-- Task data follows --

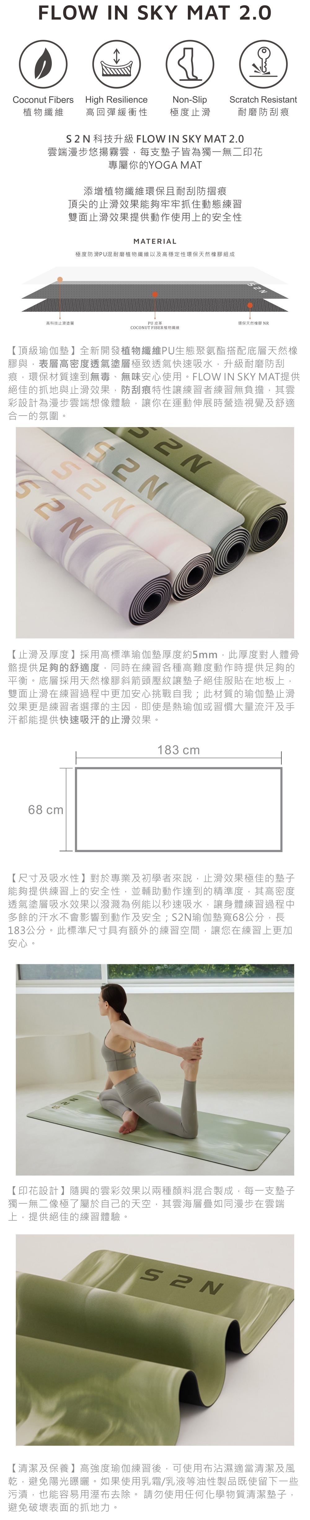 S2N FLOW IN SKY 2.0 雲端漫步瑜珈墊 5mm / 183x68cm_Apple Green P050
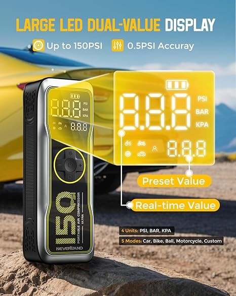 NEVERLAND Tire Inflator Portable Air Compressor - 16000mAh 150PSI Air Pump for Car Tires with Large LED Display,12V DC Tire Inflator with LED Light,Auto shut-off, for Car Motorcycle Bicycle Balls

-- Task data concluded --
-- Task data follows --

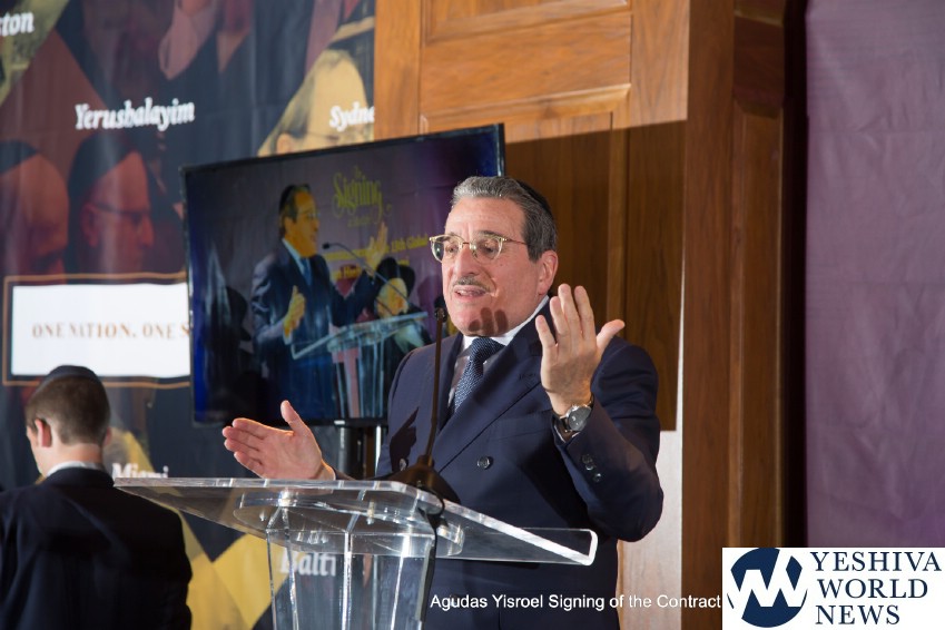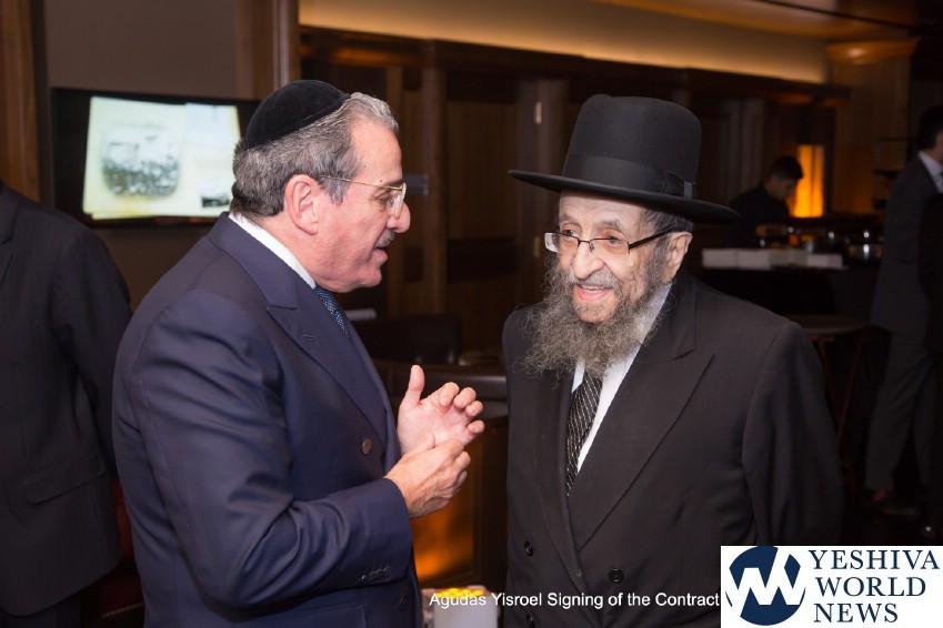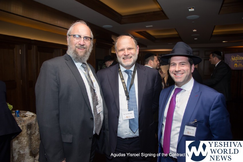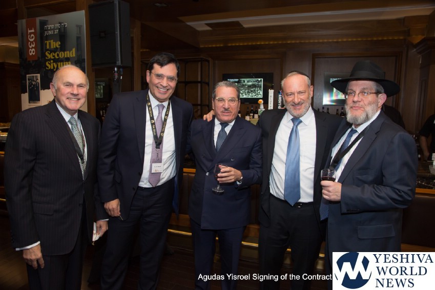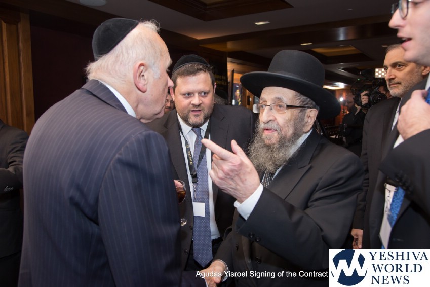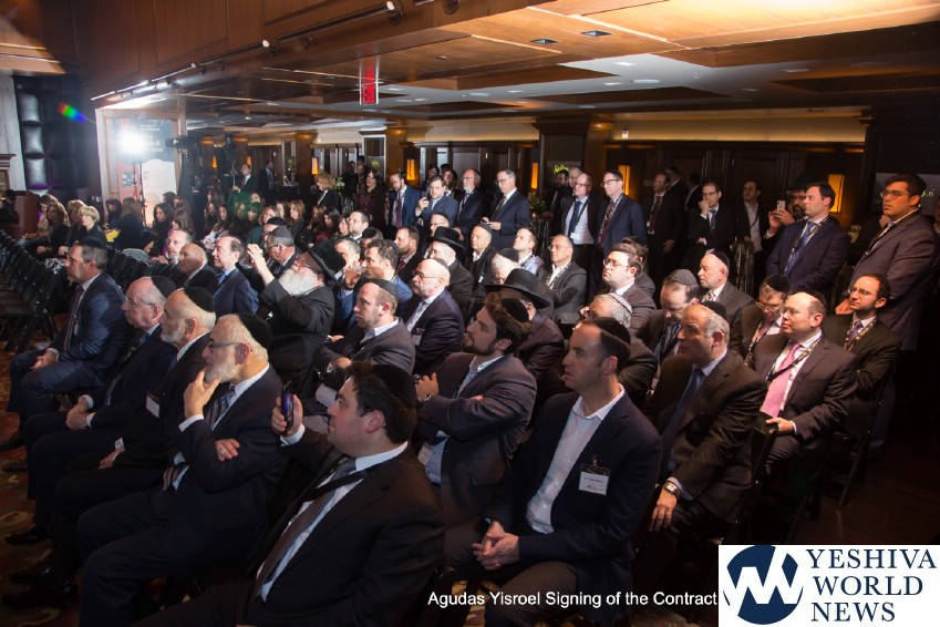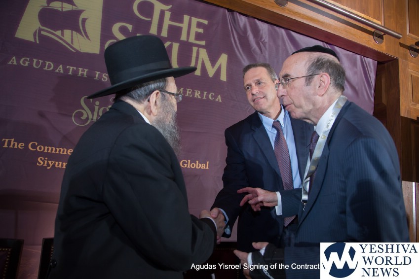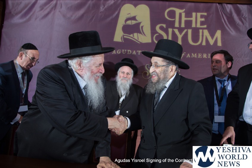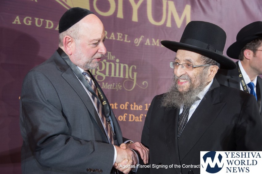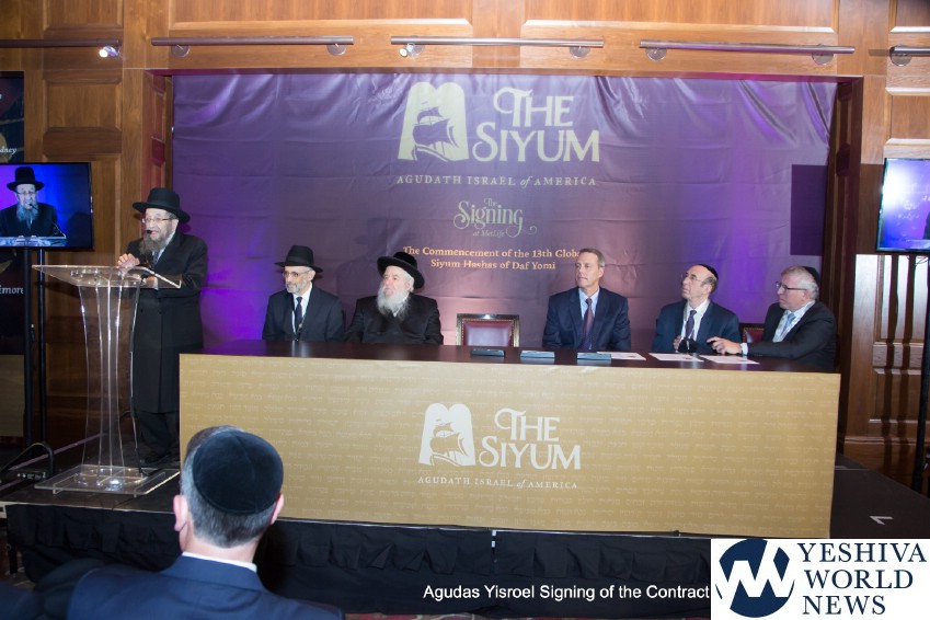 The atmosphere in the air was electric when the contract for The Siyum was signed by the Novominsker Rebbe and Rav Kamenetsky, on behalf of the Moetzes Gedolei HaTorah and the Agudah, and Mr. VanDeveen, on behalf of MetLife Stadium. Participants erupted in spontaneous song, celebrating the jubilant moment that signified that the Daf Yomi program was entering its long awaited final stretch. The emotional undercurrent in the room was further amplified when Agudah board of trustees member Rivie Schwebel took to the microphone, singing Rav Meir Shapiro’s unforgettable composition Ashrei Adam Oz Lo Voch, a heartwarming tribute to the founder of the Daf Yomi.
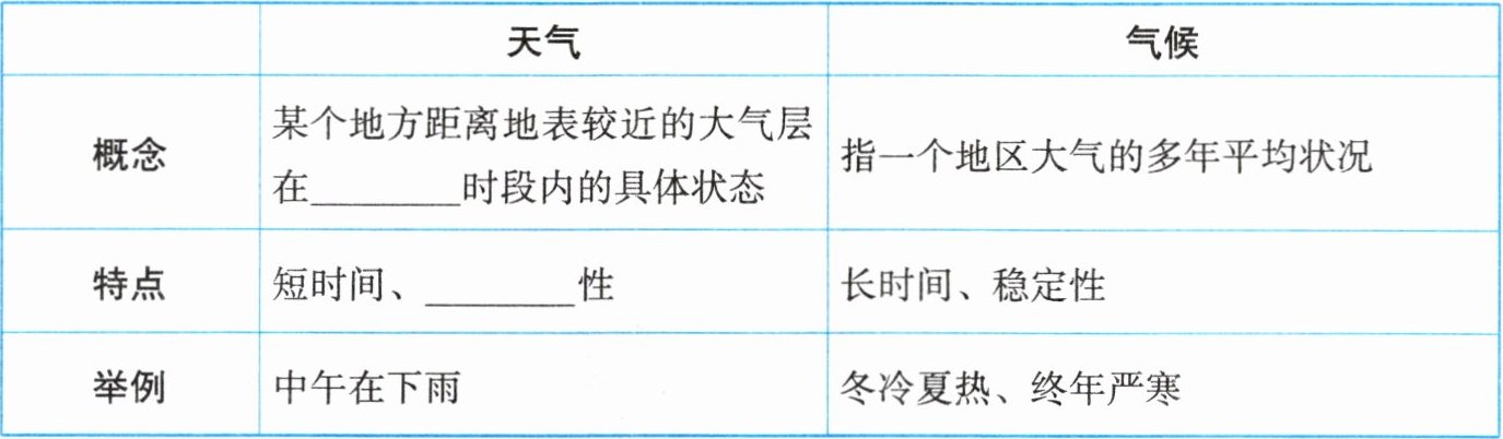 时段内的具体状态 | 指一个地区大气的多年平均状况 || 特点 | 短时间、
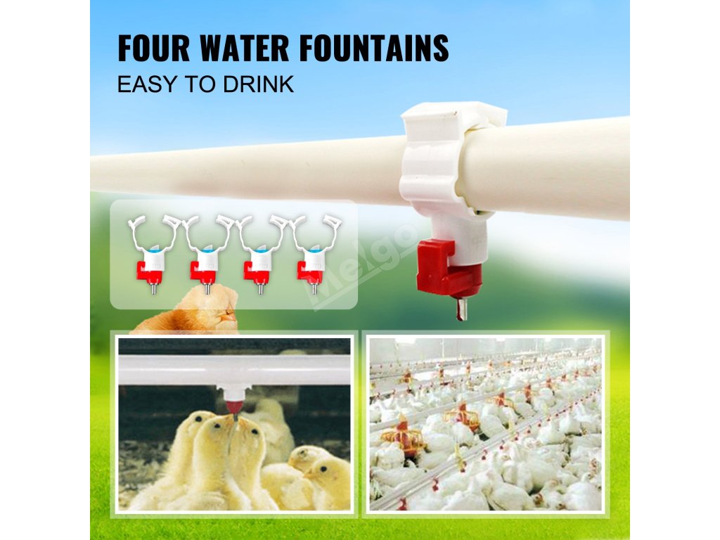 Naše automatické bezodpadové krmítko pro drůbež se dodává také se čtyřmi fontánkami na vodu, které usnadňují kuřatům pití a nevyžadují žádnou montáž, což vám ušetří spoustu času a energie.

-- Task data concluded --

What the task requires -> Exercise for the records above: copy only the lines from the one with "S2N FLOW IN" to the one with "NEVERLAND Tire Inflator", both ends kept, and drop the pictures.

Output below ->
 S2N FLOW IN SKY 2.0 雲端漫步瑜珈墊 5mm / 183x68cm_Apple Green P050
 NEVERLAND Tire Inflator Portable Air Compressor - 16000mAh 150PSI Air Pump for Car Tires with Large LED Display,12V DC Tire Inflator with LED Light,Auto shut-off, for Car Motorcycle Bicycle Balls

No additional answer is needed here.